Basil Mitchell has been a seasonal worker with Bord na Móna for seven years and last week he was laid off.

Mitchell attended the protest in Lanesboro, Co. Longford, yesterday evening, Monday, July 22, where over 300 people including employees, their families and members of the south Longford community walked in unity and solidarity through the main street of a town where Bord na Móna has been a fixture for over 60 years.

The company announced two weeks ago that as a direct result of the shutdown of the Lough Ree Power Station it was forced into making a decision to lay off a large number of workers including 78 seasonal workers and 72 permanent staff.

The power station in south Longford was closed on Friday, July 5, by ESB after the Environmental Protection Agency (EPA) initiated legal proceedings because it deemed the temperature of the cooling water being discharged from the facility into the river to be too high.

Bord na Móna workers, their families and members of the community march through Lanesboro

Last week, the company let the seasonal workers go while late on Friday evening it announced that the 72 permanent employees would be laid off this week.

The bog and the land

Mitchell, meanwhile, is a suckler farmer from just outside of Lanesboro. He says the work at Bord na Móna helped him to supplement his farm income and this was something he greatly welcomed.

But last week when the company placed him and 77 other seasonal workers on ‘temporary lay-off’ with no pay, he was “flabbergasted”.

Over 300 people turned out to support Bord na Móna workers in Lanesboro

Mitchell said he was told by the company that the leave would last from four to 12 weeks – however, he remains fearful that the move will become “more indefinite”.

The local farmer also feels he has been “left in limbo” as a direct result of Bord na Móna’s decision.

He took up his seasonal employment with the company in May and pointed to the pay cheque and how it helped him to “supplement the farming side of things”.

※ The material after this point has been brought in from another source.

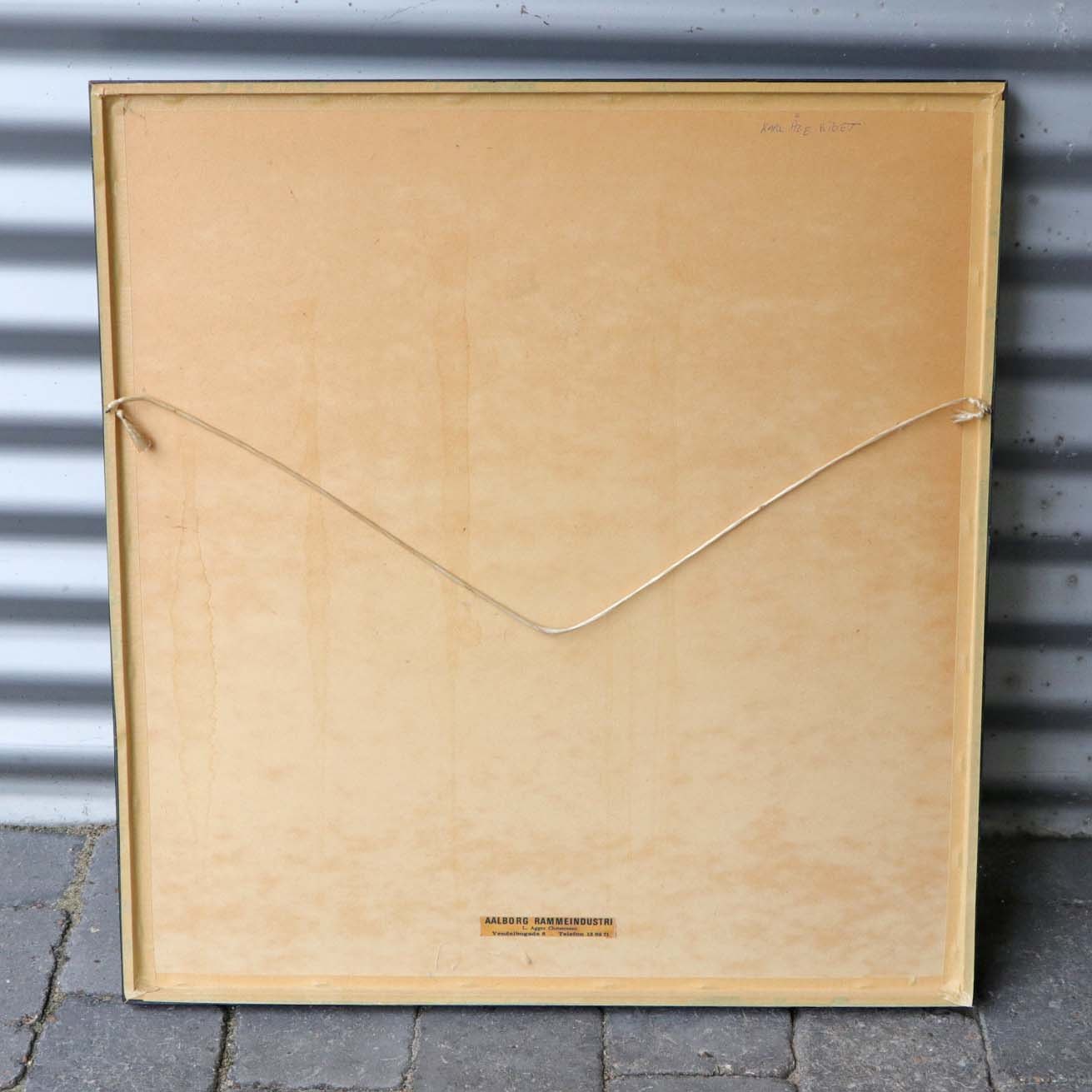 Text available in Danish: Indrammet litografi med passepartout i ramme. Litografisk tryk nr 33/60 E.T MCMLXIIII med titlen Sort Joker 90. Geometrisk former i farverne sort, hvid, grå og sølv.

This has been like a bolt out of the blue to be honest with you.

He continued: “The company brought us in to a meeting  and gave us a week’s notice and that’s where we are at now.”

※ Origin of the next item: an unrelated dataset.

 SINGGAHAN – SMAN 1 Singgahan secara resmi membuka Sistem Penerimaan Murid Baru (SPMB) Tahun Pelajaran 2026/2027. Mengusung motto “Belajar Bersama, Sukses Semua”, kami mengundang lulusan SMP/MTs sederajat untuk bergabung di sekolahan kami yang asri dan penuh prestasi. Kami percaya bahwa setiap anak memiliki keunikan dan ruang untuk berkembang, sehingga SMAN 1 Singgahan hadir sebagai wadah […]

Mitchell says that one of the difficulties he faces is in relation to social welfare. He pointed out that he needs 13 stamps to draw any money down and because he only started working in May, he hasn’t built up the number of stamps required.

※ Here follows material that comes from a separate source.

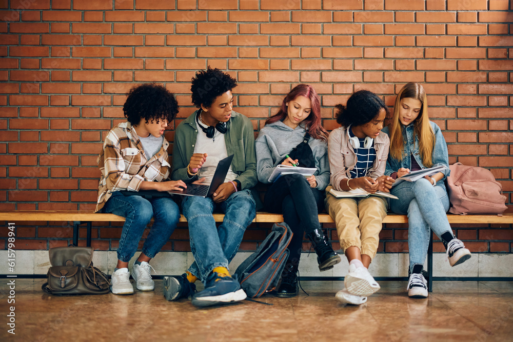 Multiracial group of teenagers studying together in high school hallway.

78 seasonal workers at Bord na Móna were laid off last week while 72 permanent jobs are hanging in the balance this week

“It’s hard at the moment; I’m a suckler farmer and the Bord na Móna money was subsidising the bit of farming for me here.

“In fact, I would say that if it wasn’t for Bord na Móna I wouldn’t be farming at all because it’s not able to stand on its own two feet at all these days.”